Xbox, PS2, Gamecube, GBA consoles bought at lauch, multiple controllers and memory cards for each, along with the prerequisite component cabling other HT stuff = darn expensive. Actually cost as much than the quality gaming PC built in late 2001/early 2002. That PC lasted me, with three upgrades (one CPU/mobo upgrade ($220), one midrange video card upgrade(read: $170) , and one RAM upgrade ($100)) until I went to a Core 2 Duo system and a complete system overhaul. Actually, I did by a $40 mouse somewhere in there too.
I usually got a lot more out of my PC games because of the good online features and free downloadable mods and usermade stuff. When I compare how much I got out of, say, my money spent on a game like Halo versus the time I put into a game like Neverwinter Nights and it's usermade stuff and expansions, it has to be 20x more the latter.

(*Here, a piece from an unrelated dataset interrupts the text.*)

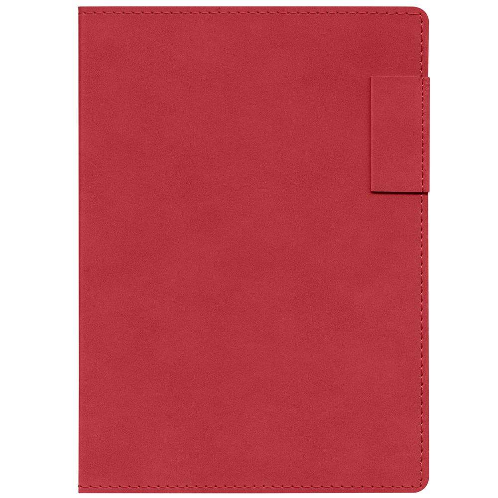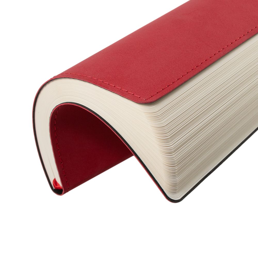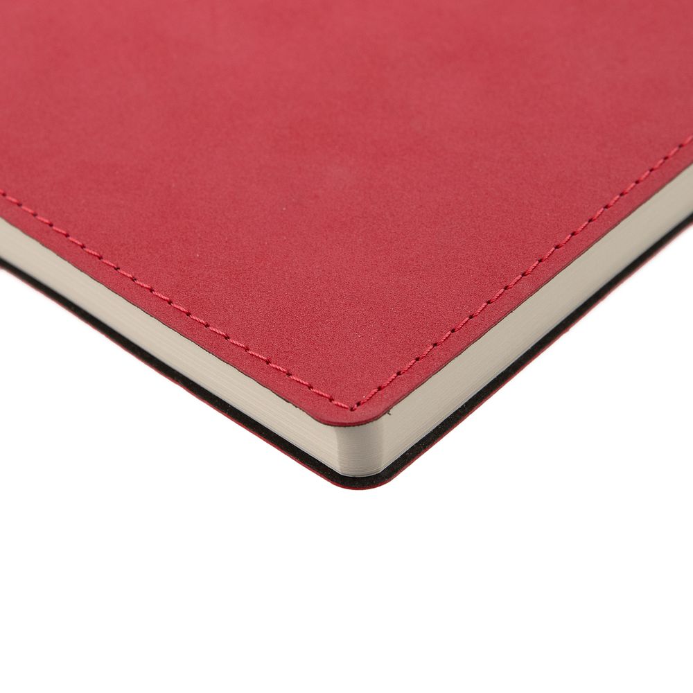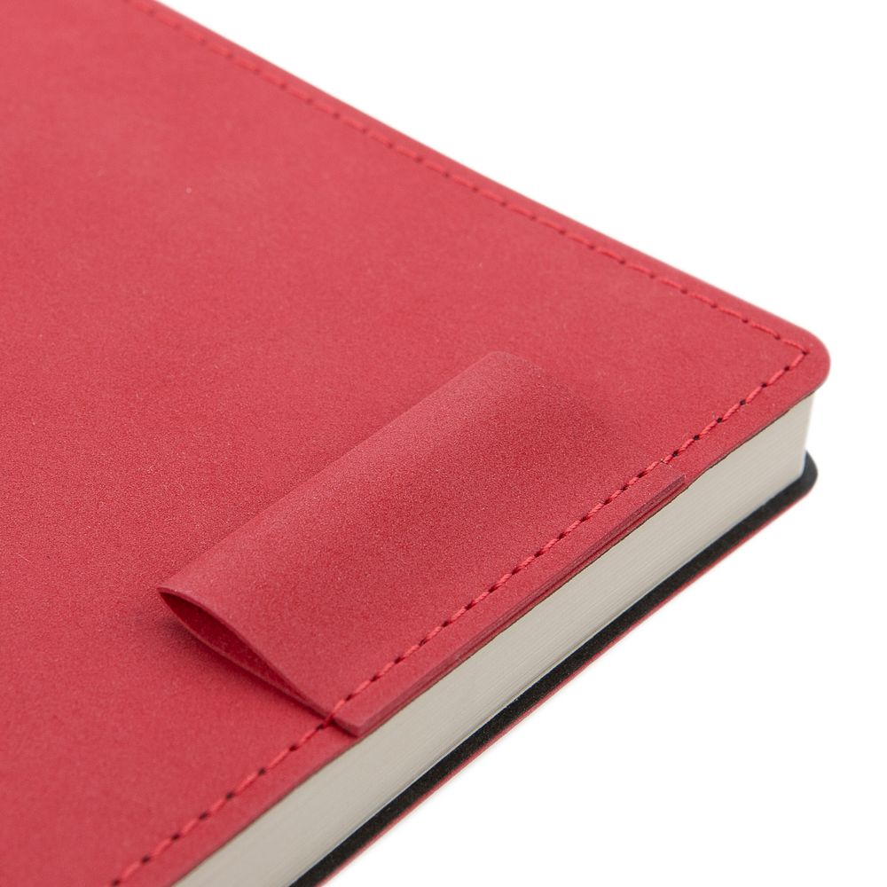 Ежедневник с гибкой обложкой, выполнен из материала Nubuck, красный РР, дополнен петлей-лейблом для ручки и ляссе в цвет материала.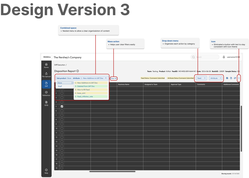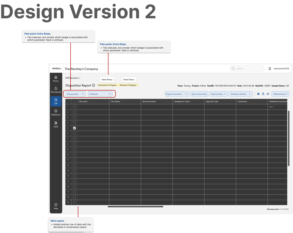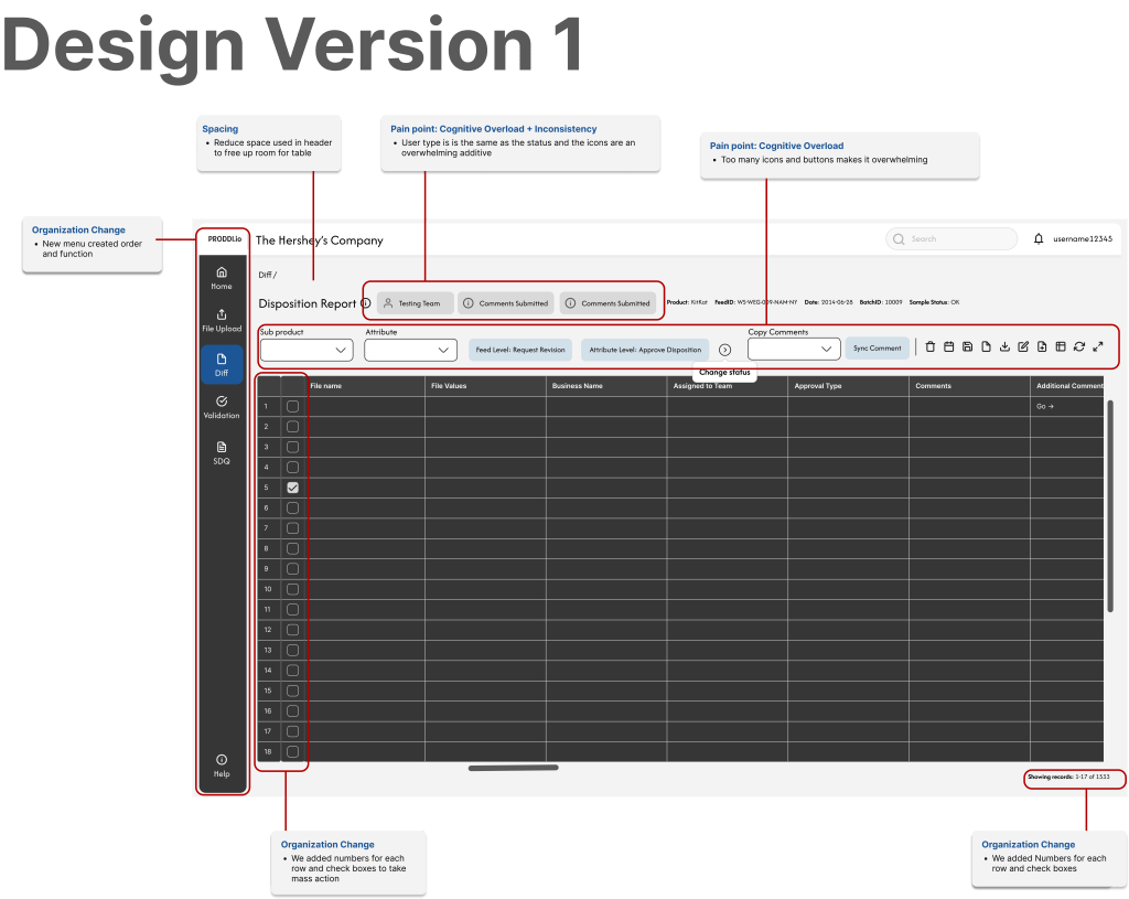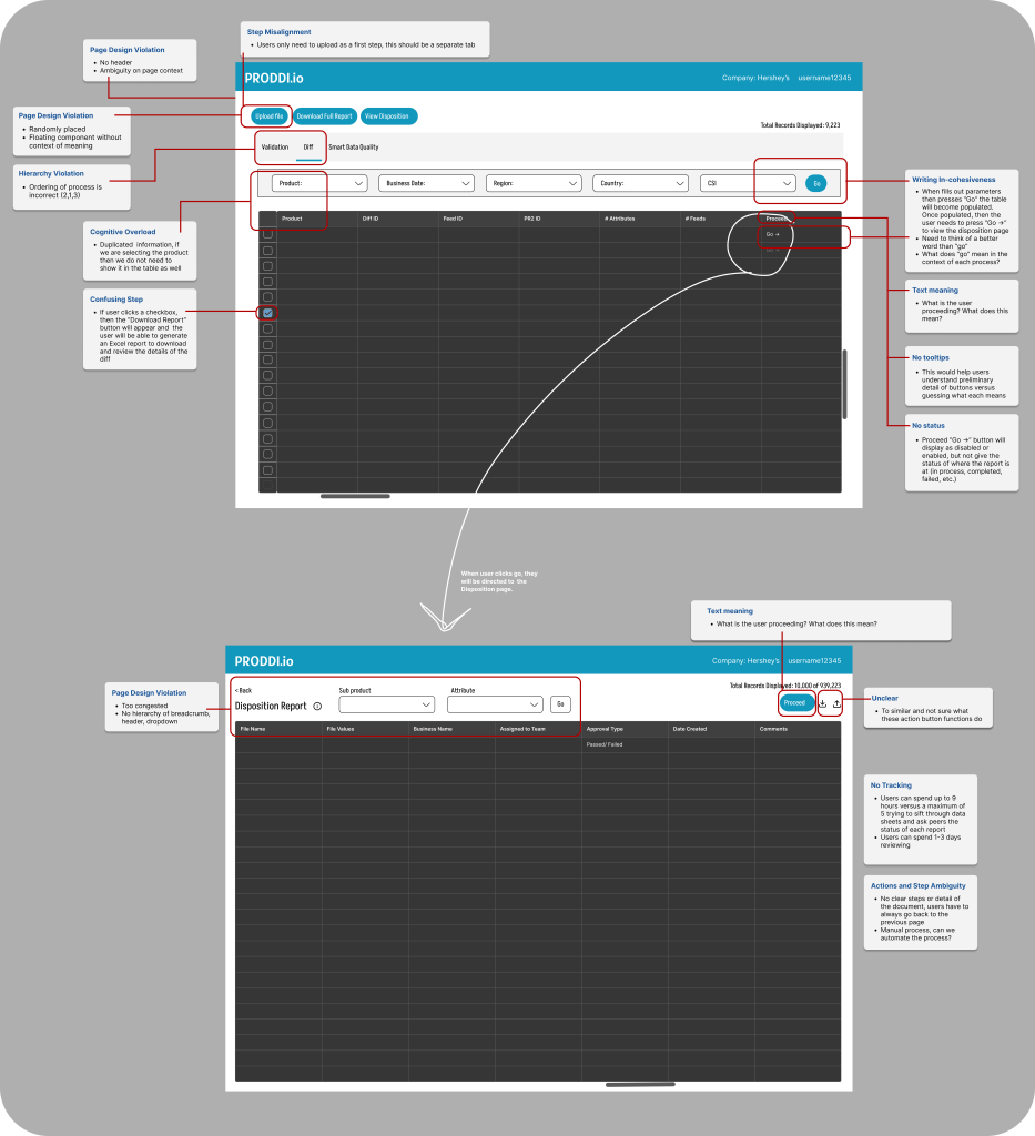 Users of the PRODDI platform face significant cognitive overload on the Disposition page during the Diff process because of complex and unclear navigation, poor hierarchy, too may external third party platforms to record work, confusion on how to report completed work back into the system, and lack of real-time feedback. This creates friction in identifying relevant changes related to new features, bug fixes, and code modifications, slowing down data validation and UAT readiness. We need to streamline the review process to enhance data quality assessments and decrease downtime by at least 75%.

I played two MMOs over that period heavily as well-Dark Age of Camelot and WoW. I pretty much didn't buy anything else at that point while playing those games.
So yeah, enthusiast PC gaming turned out cheaper for me. Now that I don't play MMOs, I'm still finding it less expensive-when you buy a few games a month, the difference between a $30 newly-released on sale PC game and a $60 MSRP console game add up fast.